=== Begin Enclosure ===
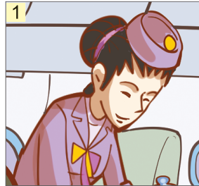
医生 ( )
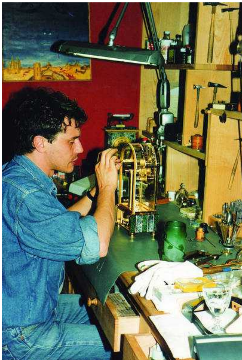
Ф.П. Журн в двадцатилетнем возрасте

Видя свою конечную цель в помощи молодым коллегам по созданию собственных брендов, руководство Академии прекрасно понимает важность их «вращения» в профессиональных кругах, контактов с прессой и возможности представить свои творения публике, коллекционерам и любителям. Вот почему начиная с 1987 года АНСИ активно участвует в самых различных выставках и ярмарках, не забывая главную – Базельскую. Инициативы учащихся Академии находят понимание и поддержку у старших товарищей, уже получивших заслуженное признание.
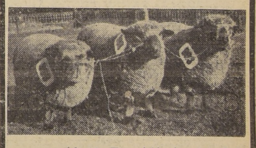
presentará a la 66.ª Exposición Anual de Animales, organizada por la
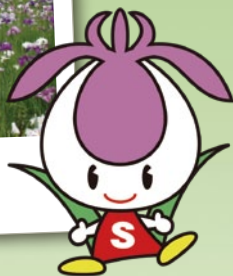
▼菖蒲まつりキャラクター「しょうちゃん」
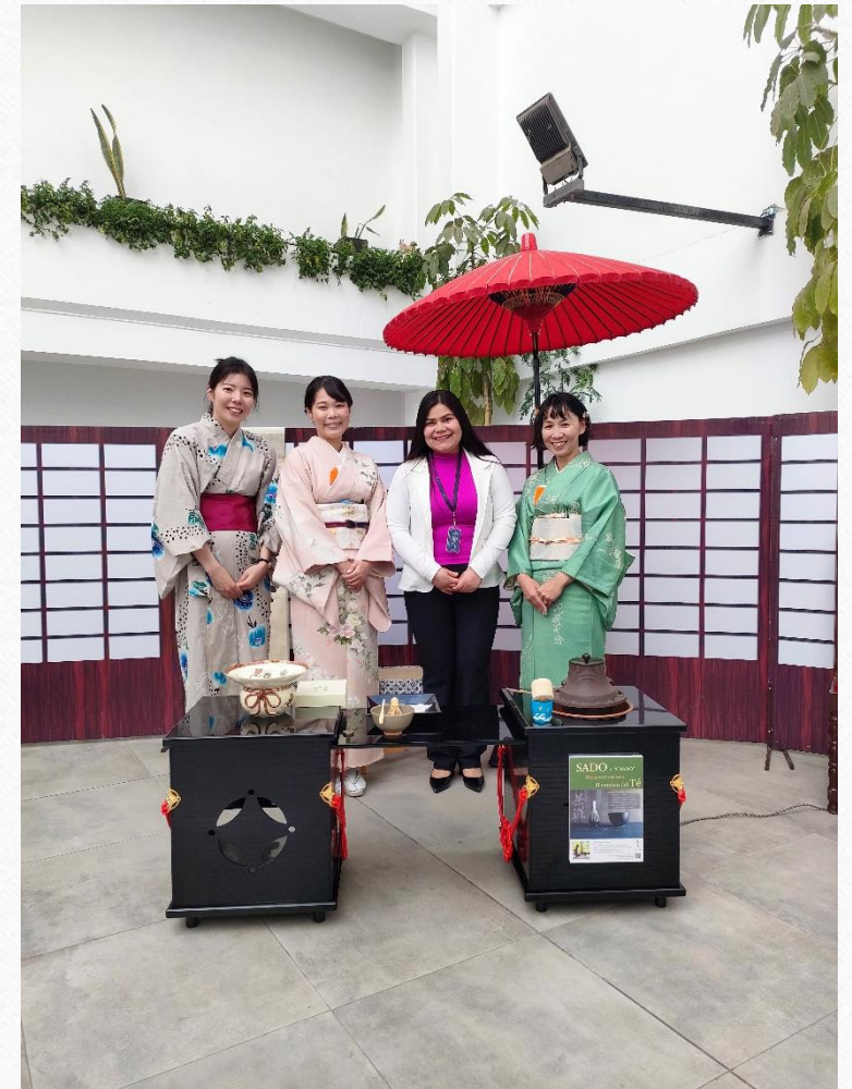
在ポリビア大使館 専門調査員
=== End Enclosure ===
=== Begin Enclosure ===
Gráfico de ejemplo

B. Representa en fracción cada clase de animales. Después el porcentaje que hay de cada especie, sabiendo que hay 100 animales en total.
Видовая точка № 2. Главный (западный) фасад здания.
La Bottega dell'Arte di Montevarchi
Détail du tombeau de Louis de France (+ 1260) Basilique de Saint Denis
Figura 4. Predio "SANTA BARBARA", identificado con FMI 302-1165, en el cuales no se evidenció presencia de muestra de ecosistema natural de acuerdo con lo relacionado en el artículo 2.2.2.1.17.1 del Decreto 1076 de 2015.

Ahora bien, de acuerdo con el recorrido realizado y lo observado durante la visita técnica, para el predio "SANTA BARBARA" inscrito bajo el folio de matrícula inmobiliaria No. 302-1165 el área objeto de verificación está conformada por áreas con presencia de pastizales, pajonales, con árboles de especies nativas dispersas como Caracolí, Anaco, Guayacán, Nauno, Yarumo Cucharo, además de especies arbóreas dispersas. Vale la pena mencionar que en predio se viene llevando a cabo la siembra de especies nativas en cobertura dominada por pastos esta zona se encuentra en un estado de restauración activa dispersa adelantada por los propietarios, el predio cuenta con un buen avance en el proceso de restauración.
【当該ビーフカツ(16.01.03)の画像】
=== End Enclosure ===
- How to complete this task: The expected output is exactly the lines of the listing above between the line holding "Détail du tombeau" and the line holding "Figura 4. Predio", inclusive.

- Answer box:
Détail du tombeau de Louis de France (+ 1260) Basilique de Saint Denis
Figura 4. Predio "SANTA BARBARA", identificado con FMI 302-1165, en el cuales no se evidenció presencia de muestra de ecosistema natural de acuerdo con lo relacionado en el artículo 2.2.2.1.17.1 del Decreto 1076 de 2015.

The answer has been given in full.